The hypocrisy doesn’t stop there. When the UGC’s Promotion of Equity in Higher Education Institutions Regulations, 2026 came out, rules meant to fight caste discrimination on campuses but criticised for lacking safeguards against misuse and for tilting heavily toward SC/ST/OBC students while leaving general-category students exposed, the backlash was massive.

Campuses in UP, Delhi, Bihar and elsewhere saw angry protests. Upper-caste students called it a “black law” and warned of reverse discrimination. Petitions piled up, the Supreme Court stayed the rules over vagueness and misuse fears, and even inside the BJP more than a dozen local leaders in Uttar Pradesh resigned, accusing the Centre of betraying its own upper-caste base.

Where was Manipur BJP then? Invisible. No fiery statements, no imported anger, no Mahila Morcha voices calling the UGC rules an “enemy of youth,” even though thousands of general-category students see them as exactly that. The unit that was so eager to drag a Delhi Congress protest home stayed completely quiet on a national issue that actually hurt a core part of their own voter base.

This is classic election-season politics: get loud against the opposition the moment votes are in sight, stay silent on everything else, especially when it involves criticising the Centre or holding your own leaders accountable.In a state already torn apart by ethnic fault lines, reservation fights, and years of bloodshed, dragging in unrelated national rows does nothing useful.

It distracts from real local failures, fuels more division, and solves zero problems. If Manipur BJP really cared about youth and national issues, they would have spoken up consistently, on the UGC rules, on IDP welfare, on the handling of the violence not just when it’s convenient for poll optics.

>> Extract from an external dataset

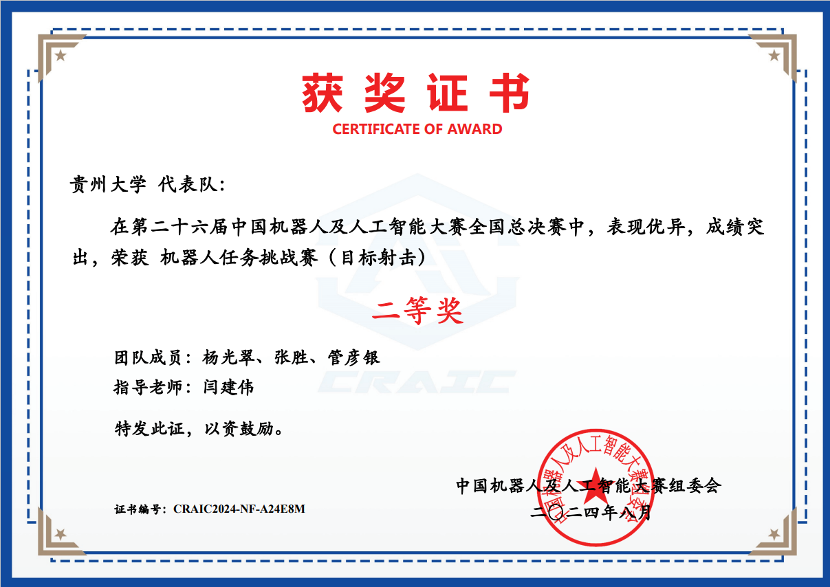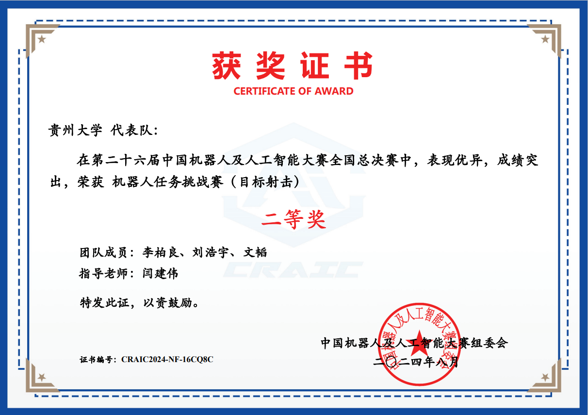 2 | 機(jī)器人任務(wù)挑戰(zhàn)賽(目標(biāo)射擊) | CRAIC20241AYRR5JB | 張少俠、蒙超、王占坤 | 全國一等獎(jiǎng) |
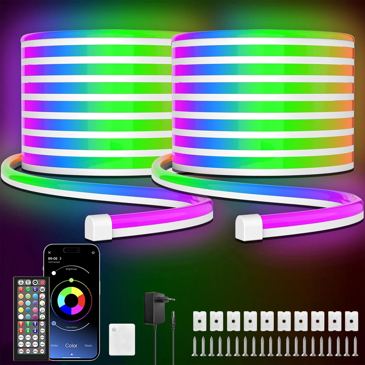 Coppia la striscia led al neon tramite Bluetooth e puoi utilizzare l’app per controllare il colore, la luminosità, la saturazione e la velocità della corda leggera.Con 16 milioni di colori tra cui scegliere e modalità scena individuale, modalità musica e altro.Ci sono molte metodi di controllo, che possono essere controllati da telecomando a infrarossi e APP.

People here deserve better. They deserve leaders who show the same outrage for Manipur’s suffering as they do for a Delhi robot-dog embarrassment. They deserve consistency, not selective anger timed to the election calendar.

Until that changes, these sudden street shows will remain what they are: convenient outrage, switched on when polls draw near and switched off the rest of the time.